Betaine restores epigenetic control and supports neuronal mitochondria in the cuprizone mouse model of multiple sclerosis

• Published in: Epigenetics Vol. 15; no. 8; pp. 871 - 886
• Main Authors: Singhal, Naveen K., Sternbach, Sarah, Fleming, Sheila, Alkhayer, Kholoud, Shelestak, John, Popescu, Daniela, Weaver, Alyx, Clements, Robert, Wasek, Brandi, Bottiglieri, Teodoro, Freeman, Ernest J., McDonough, Jennifer
• Format: Journal Article
• Language: English
• Published: United States Taylor & Francis 02.08.2020; Taylor & Francis Group
• Subjects: Animals; betaine; Betaine - pharmacology; Betaine-Homocysteine S-Methyltransferase - metabolism; BHMT; Cell Respiration; Cells, Cultured; Chromatin Assembly and Disassembly; Cuprizone - toxicity; Epigenesis, Genetic; H3K4me3; Histone Code; Male; methionine metabolism; Mice; Mice, Inbred C57BL; mitochondria; Mitochondria - drug effects; Mitochondria - metabolism; multiple sclerosis; Multiple Sclerosis - etiology; Multiple Sclerosis - genetics; Multiple Sclerosis - metabolism; Neurons - drug effects; Neurons - metabolism; Rats; Rats, Sprague-Dawley; Research Paper; BHMT; betaine; methionine metabolism; H3K4me3; mitochondria; multiple sclerosis
• ISSN: 1559-2294; 1559-2308
• DOI: 10.1080/15592294.2020.1735075

Methionine metabolism is dysregulated in multiple sclerosis (MS).
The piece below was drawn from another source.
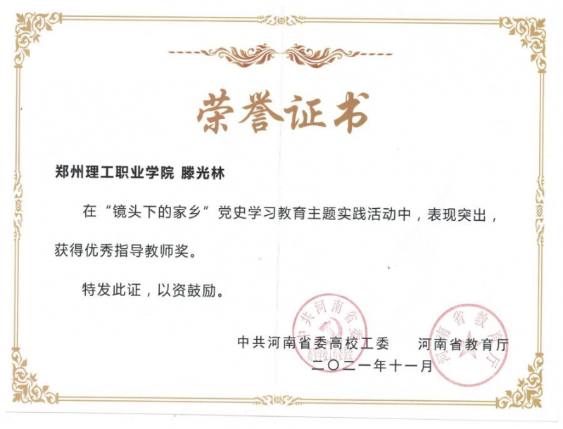 滕光林长期担任微电影学会指导老师,为学生搭建专业实践与思想引领的平台,因指导成果显著,于2022年被河南省委高校工委、省教育厅评为“河南省优秀指导教师”。同时,滕光林深刻认识到网络意识形态工作的重要性,他不仅是现实工作中的宣传骨干,也是网络空间的文明使者。他积极学习运用新媒体技术,拓展网络宣传渠道,主动发声,弘扬主旋律。他自觉规范网络行为,积极传播健康、向上、文明的网络文化,勇于驳斥错误言论,在网络空间中展现了高校教师的良好素养。因其在网络空间的积极作为和正面影响,他被河南省委高校工委、省教育厅再度评为“河南省文明网民”,这一荣誉体现了他在线上线下共同践行着思政育人的责任与担当。
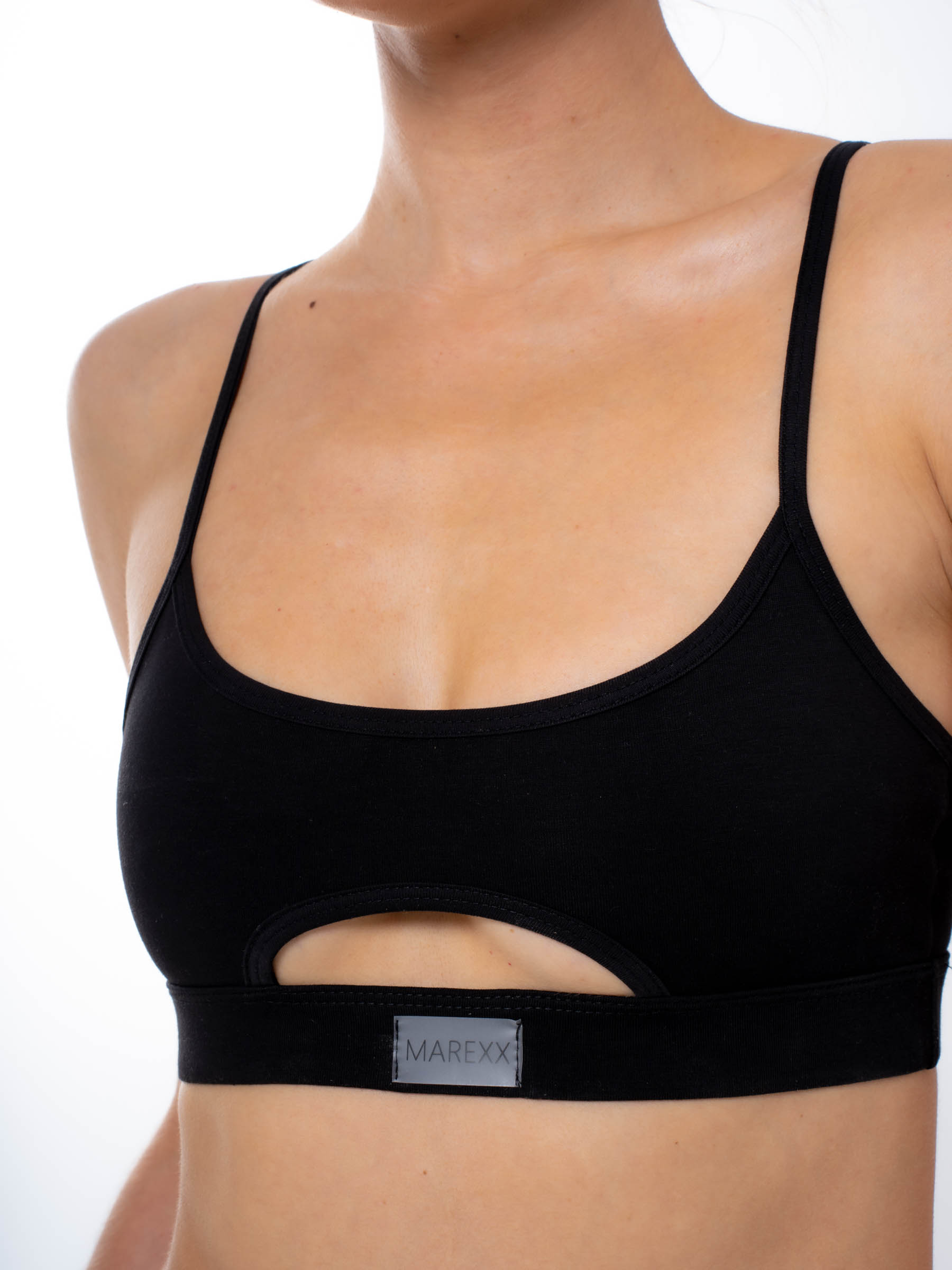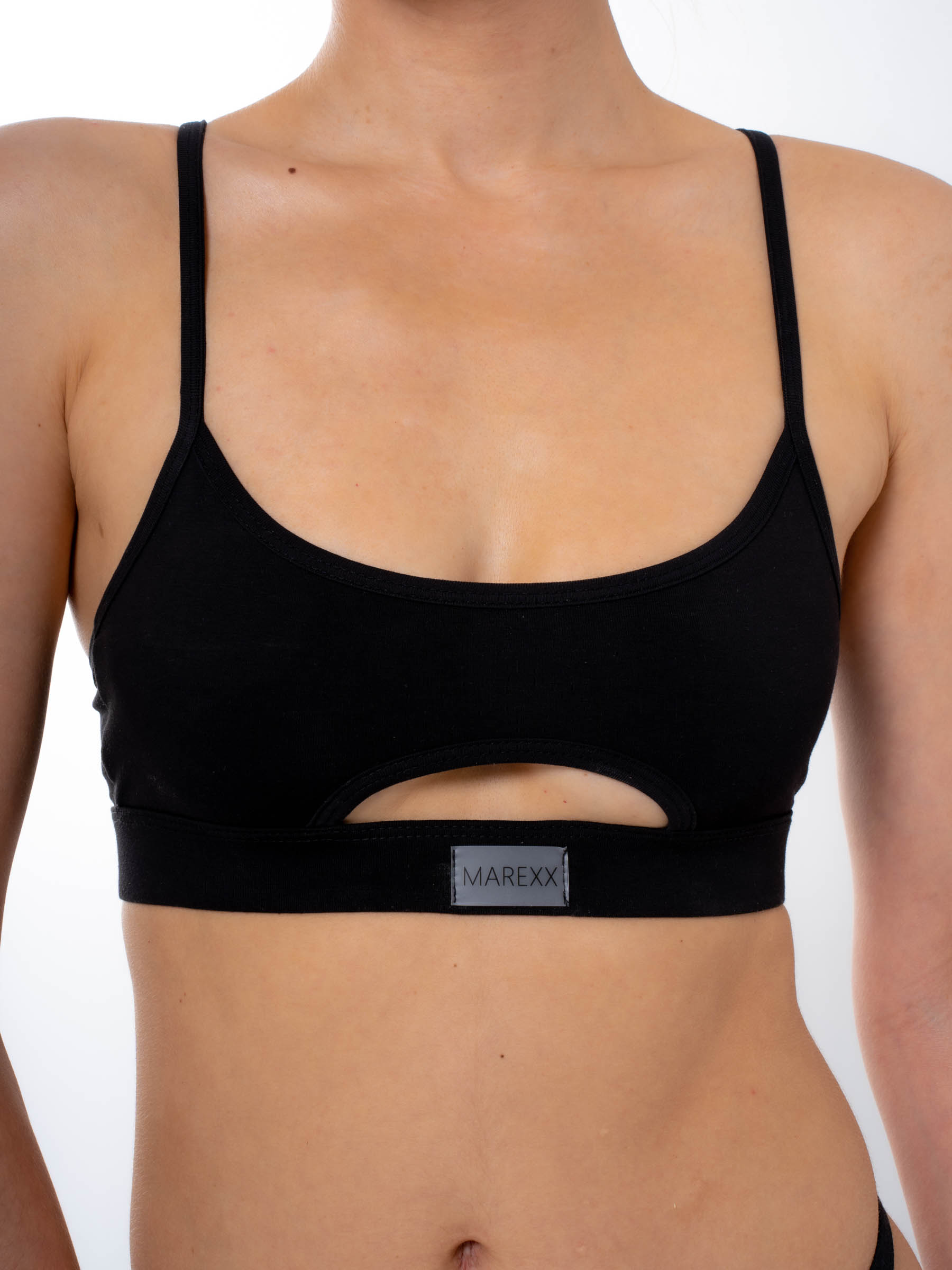 Женский черный бельевой топ от MAREXX подарит Вам удобство и комфорт на каждый день. Бельевой топик на тонких бретельках без чашек и косточек. Плотный материал и резинка снизу обеспечивают умеренную поддержку груди и придают ей красивую форму, создают легкий пуш ап эффект. Лиф на бретелях выполнен из натурального хлопка с небольшим добавлением эластана. Мягкая натуральная ткань нежно прикасается к коже, подарит самые приятные тактильные ощущения. Хлопковый бра отлично пропускает воздух, позволяет коже дышать, плоские швы не натирают кожу.

The methyl donor betaine is depleted in the MS brain where it is linked to changes in levels of histone H3 trimethylated on lysine 4 (H3K4me3) and mitochondrial impairment. We investigated the effects of replacing this depleted betaine in the cuprizone mouse model of MS. Supplementation with betaine restored epigenetic control and alleviated neurological disability in cuprizone mice. Betaine increased the methylation potential (SAM/SAH ratio), levels of H3K4me3, enhanced neuronal respiration, and prevented axonal damage. We show that the methyl donor betaine and the betaine homocysteine methyltransferase (BHMT) enzyme can act in the nucleus to repair epigenetic control and activate neuroprotective transcriptional programmes. ChIP-seq data suggest that BHMT acts on chromatin to increase the SAM/SAH ratio and histone methyltransferase activity locally to increase H3K4me3 and activate gene expression that supports neuronal energetics. These data suggest that the methyl donor betaine may provide neuroprotection in MS where mitochondrial impairment damages axons and causes disability.